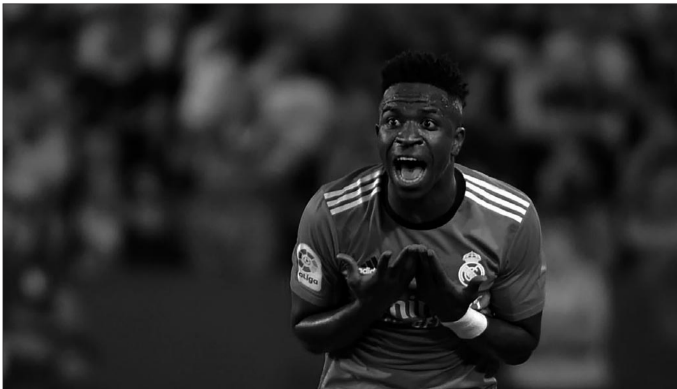
Vinicius protestando al árbitro.

En definitiva, Vinicius debería pedir perdón y retractarse de sus desafortunadas declaraciones antes de que el rechazo que ha generado siga en aumento. Es vital que entienda el impacto de sus palabras y que enfoque su talento en lo que mejor sabe hacer: jugar al fútbol.
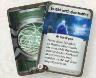
3 Befehlskarten (Es gibt noch eine andere, Ich fühle es, Hinter feindlichen Linien)
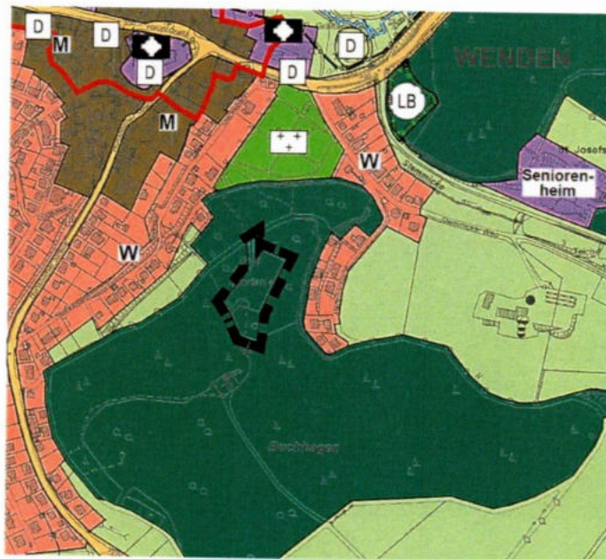
Abbildung 1: Lage und Geltungsbereich der 3. Flächennutzungsplanänderung Mountainbike Anlage Wenden.

Der Geltungsbereich umfasst folgende Flächen in der Gemarkung Wenden, Flur 26, Flurstücke 332 und 501 tlw. mit insgesamt ca. 0,53 ha Größe. Lage und Abgrenzung des Geltungsbereichs sind dem nachfolgenden Kartenausschnitt zu entnehmen.
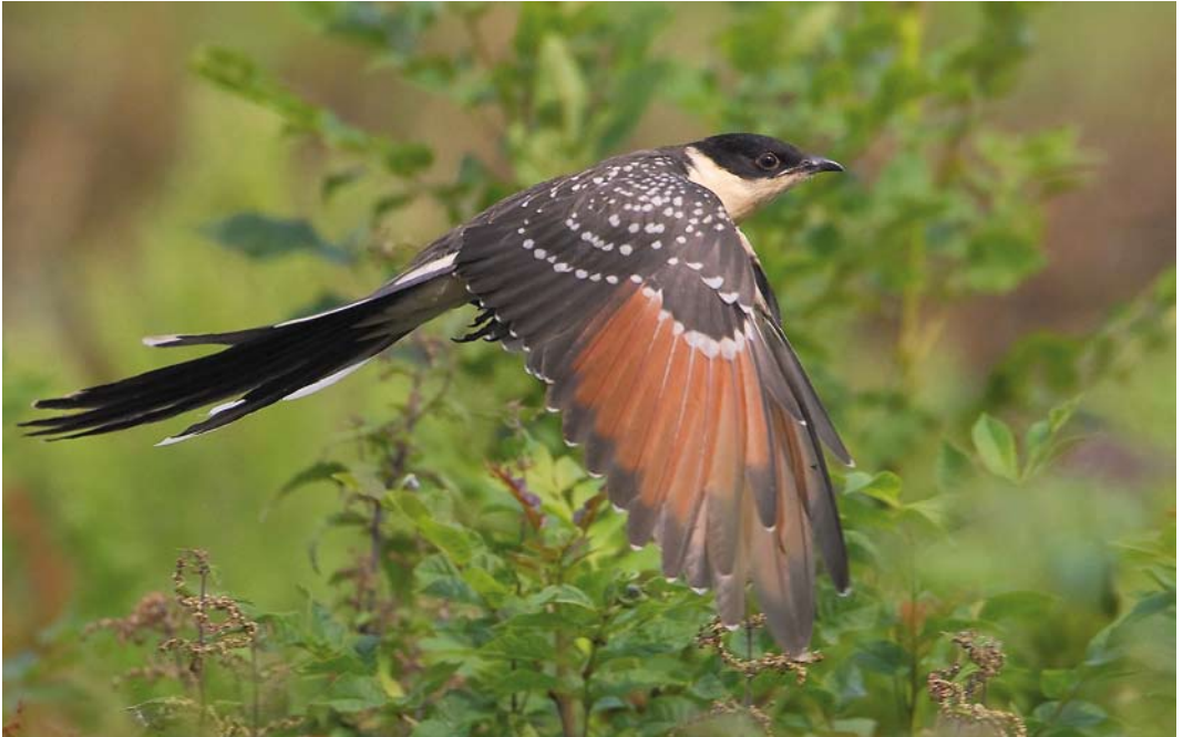
446 Kuifkoekoek / Great Spotted Cuckoo Clamator glandarius , juveniel, Zuiderdijkweg, Wieringerwerf, Noord-Holland, 6 augustus 2011 ( Hans Brinks )
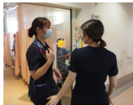
困っていると先輩からのやさしい声をかけが・・・♪
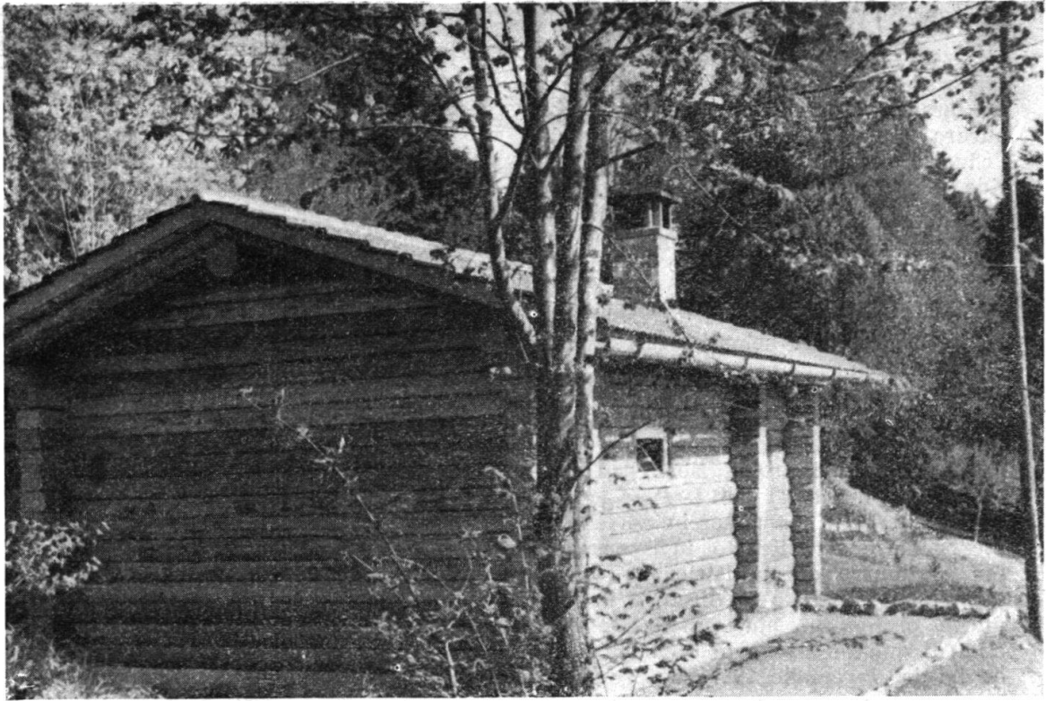
A Macolin le diverse costruzioni sono sparse nei boschi: ecco la «sauna».
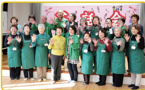
▲若林地区社協のイメージカラーは「みどり」！ジャンパーやエプロンをそろえ、心ひとつに活動しています。

____________________

What to work on |
Where does the string "Geltungsbereich" occur in the data above? Copy every line that holds it.

Task response |
Abbildung 1: Lage und Geltungsbereich der 3. Flächennutzungsplanänderung Mountainbike Anlage Wenden.
Der Geltungsbereich umfasst folgende Flächen in der Gemarkung Wenden, Flur 26, Flurstücke 332 und 501 tlw. mit insgesamt ca. 0,53 ha Größe. Lage und Abgrenzung des Geltungsbereichs sind dem nachfolgenden Kartenausschnitt zu entnehmen.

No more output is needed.